Я сижу на занозистом продуктовом ящике и голосую попутку.
За надорванную пачку сигарет грязный ассенизационный МАЗ вёз меня к тульской окраине. Солнце пробивает кабину, и шофёр, отворачиваясь от него, рассказывал про систему отсоса всякой дряни из частных выгребных ям. После этого он принялся рассказывать мне анекдоты. Помнил он их плохо и часто останавливался на полуслове.
Тогда анекдот сдувался как воздушный шарик.

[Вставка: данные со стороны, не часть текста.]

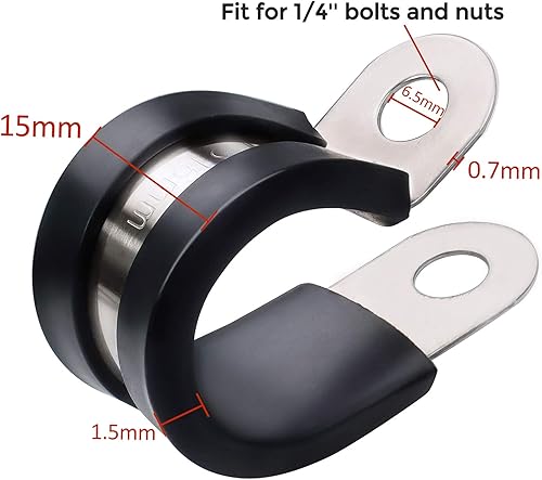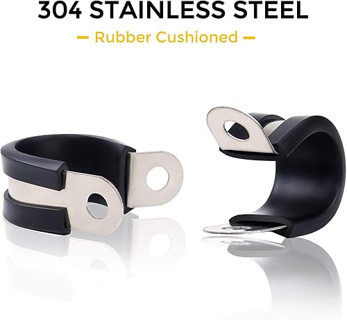 52Pcs Gomma Morsetto per Cavi in Acciaio Inossidabile P Clips Gomma Fascette Stringitubo 6 Dimensioni 1/4' 5/16' 3/8' 1/2' 5/8' 3/4' Morsetto per Cavi in Gomma

Впрочем, потом мы заговорили о духоборах. Эти духоборы давным-давно уехали на Кавказ. Там, на границе между Грузией, Арменией и Турцией они и жили целый век — и на всех рынках Тбилиси молочные ряды были духоборские. А потом детей от семи до семнадцати привезли в Ясную поляну. Они многого пугались — в Ясной поляне они впервые увидели, как растут яблоки. Радость этих людей была лишь при виде коней, поскольку заняты мальчики в прежней жизни были только джигитовкой. Из-за инцестов дети были некрасивы.
В Грузии стало жить тяжело, и вот КАМазы заревели по грузинским дорогам, а в домах за Кавказским хребтом остались только старухи — умирать в пустых огромных домах. Умирать рядом с родными могилами — что куда лучше, чем доживать без них.
В Тульском университете мне дали подержаться за реликвию, потрогать пальцем подпись Толстого под собственной фотографией. Сделана она тушью, оттого выпукла и светло-коричнева. Видел я там и желтую книгу "Воскресенья", что издана в Нью-Йорке, и деньги от которой перешли к тем самым духоборам.
Несколько лет назад ходил в Туле к церкви. Это был Никола Зелёный, где настоятелем был альпинист, и во время ремонта штурмовал крышу вместе с друзьями. Всё там было из чугуна — полы, престол. Это был чугунный храм — и всё оттого, что Демидовы занимались литейным делом.
Внутри стояли коробки с оливковым маслом. Кому одно предназначалось, было неясно. Да всё тут было к Богу. Эту церковь ещё пасли, а я застал ещё пустые храмы, белые, высветленные ветром…
Церковная казначейша рассказывала про исцеления. Исцелился даже какой-то психиатр. Казначейша, её звали, кажется, Марина, стояла в притворе и говорила:
— Вот у нас есть такая прихожанка, такая она русская-народная, такая сдобная, что прямо с изюмом.
Развиднелось. Солнце сочилось сквозь высокие окна. Нас пустили молиться и, шагая по холодному и гулкому чугуну, мы приблизились к иконам.
А в этот момент, когда я преклонил колена в этом храме, первый "Боинг" делал вираж в нью-йоркском небе.
Архитектурные стили в Туле передернуты, как винтовочный затвор, смещены, наконец, смазаны — как тот же ружейный затвор. Десятью годами раньше открытия Америки появилось огнестрельное оружие на Руси. Непонятно, существование которой из этих реальностей больше занимает умы.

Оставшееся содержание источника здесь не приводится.